▶ _The task_: Apart from the pictures, reproduce the data below exactly as it stands.

▶ _Information shown_:
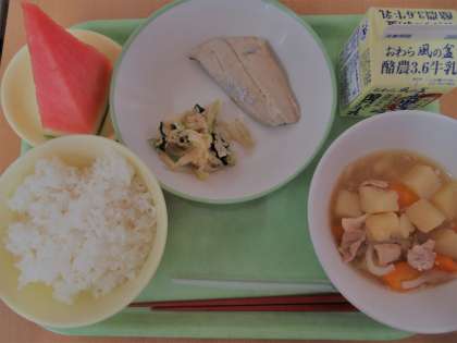 ごはん 牛乳 はりはり和え 鰆の塩焼き 肉じゃが すいか
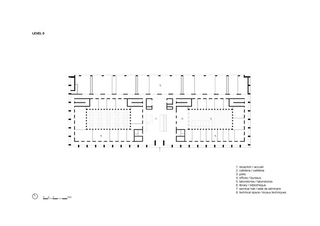 L´edificio rettangolare di 10mila metri quadrati, che si sviluppa su quattro piani fuori terra e due interrati, è suddiviso in due parti distinte: la parte nord, che ospita i laboratori; e quella a sud che raggruppa gli uffici e gli spazi di riunione.
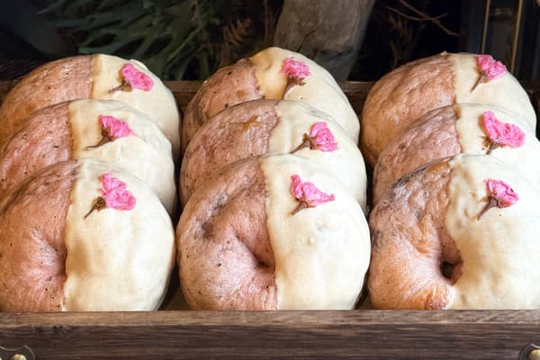 这款春季美食以樱花装饰和黄豆粉巧克力涂层为特色。耐嚼的贝果面团揉入腌制樱花叶,并填充来自会津若松的红豆馅,然后烘烤完成。

▶ _Problem solution_:
 ごはん 牛乳 はりはり和え 鰆の塩焼き 肉じゃが すいか
 L´edificio rettangolare di 10mila metri quadrati, che si sviluppa su quattro piani fuori terra e due interrati, è suddiviso in due parti distinte: la parte nord, che ospita i laboratori; e quella a sud che raggruppa gli uffici e gli spazi di riunione.
 这款春季美食以樱花装饰和黄豆粉巧克力涂层为特色。耐嚼的贝果面团揉入腌制樱花叶,并填充来自会津若松的红豆馅,然后烘烤完成。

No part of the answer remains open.